Therapists have long struggled with the dilemma of breaking down the patient’s repression of deeply-stored trauma in the time allotted to each session; in many cases, trauma has occurred so early as to be undetectable even to the best attempts cognitive psychotherapy can make to unearth it. Rapid Eye processing seems to take the patient neurologically to the sites where neural distortions were created during trauma and causes shifts in the neuronal connections, basically undoing the original results of trauma. For example, as an infant, one of our patients was virtually cast aside at birth as the doctor fought to save the mother. She formed a long-standing but forgotten belief that “I am insignificant”. In an RET session, the patient reported first an intensification of her feelings of grief and aloneness as she flashed on impressions of that birth trauma and then, by the end of the session, reported that the ‘charge’ seemed to be gone from that and subsequent re-creations of this belief and its attendant emotions. Patients invariably report palpable positive changes in their feelings and thoughts with each session.

How does RET work? The technician puts the patient into a relaxed or alpha brainwave state, which gives access to both conscious and unconscious information. Utilizing an eye-catching device, he or she induces patterns in the peripheral vision of the patient that further refine the search for the traumatic source material in visual, auditory and kinesthetic areas of the brain. The patient is then told to blink the eyes, which effectively creates an on/off electrical stimulus, intensifying and apparently zooming in on the target neurons, alternately focusing on and discharging the material laid down there.

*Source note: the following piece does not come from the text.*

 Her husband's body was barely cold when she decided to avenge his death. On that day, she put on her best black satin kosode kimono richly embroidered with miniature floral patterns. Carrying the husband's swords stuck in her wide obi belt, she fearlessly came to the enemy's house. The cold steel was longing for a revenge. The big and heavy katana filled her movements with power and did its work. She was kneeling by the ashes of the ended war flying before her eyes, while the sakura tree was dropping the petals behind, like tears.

It is often during the blinking segment that he or she experiences surfacing emotions as the electro-chemical debris is released from its long storage. There are often sudden insights experienced during this segment or in the subsequent rest periods, when the conscious and unconscious minds effectively agree that “Ah, that wasn’t really about me after all.” A sort of objectivity occurs, as if the patient can now see from a higher perspective.

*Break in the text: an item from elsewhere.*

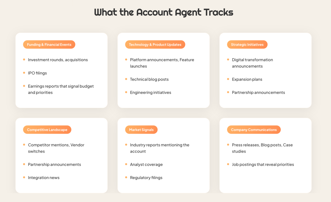 AnyTeam 的产品架构由三个核心支柱组成,每一个都针对销售流程中的关键痛点。第一个是 Account Agent(客户 Agent),它能为每个潜在客户和现有客户提供全面的洞察。过去销售人员需要花 3-4 个小时在各种网站、LinkedIn、新闻网站和 CRM 之间来回切换做客户调研,现在 Account Agent 能把这个过程压缩到 3-5 分钟。更重要的是,这个 Agent 会持续监控客户动态,当你的潜在客户公司宣布新一轮融资或高管变动时,你会立即知道。不需要手动追踪,信息会自动推送给你。

Why does RET work? Studies postulate various theories, but agree that the eyes are connected intricately with the limbic system and various storage areas of the brain, the entire neurological pathway system. When we look up, we’re accessing visual memory or re-creation, when we look to the side we are accessing auditory data, and when we look down we are accessing feelings. Since few clients know the original source of most controlling beliefs or emotions, it is profound
that Rapid Eye seems to process both the original trauma and every successive experience on the same neuropathway, whether or not the client has been consciously aware of them! For example, the afore-mentioned patient noticed flashes not only of her birth trauma, but also of being berated by her father, battered by a husband, and misused by her grown children, all links on the chain of ‘I am insignificant, my needs are unimportant.”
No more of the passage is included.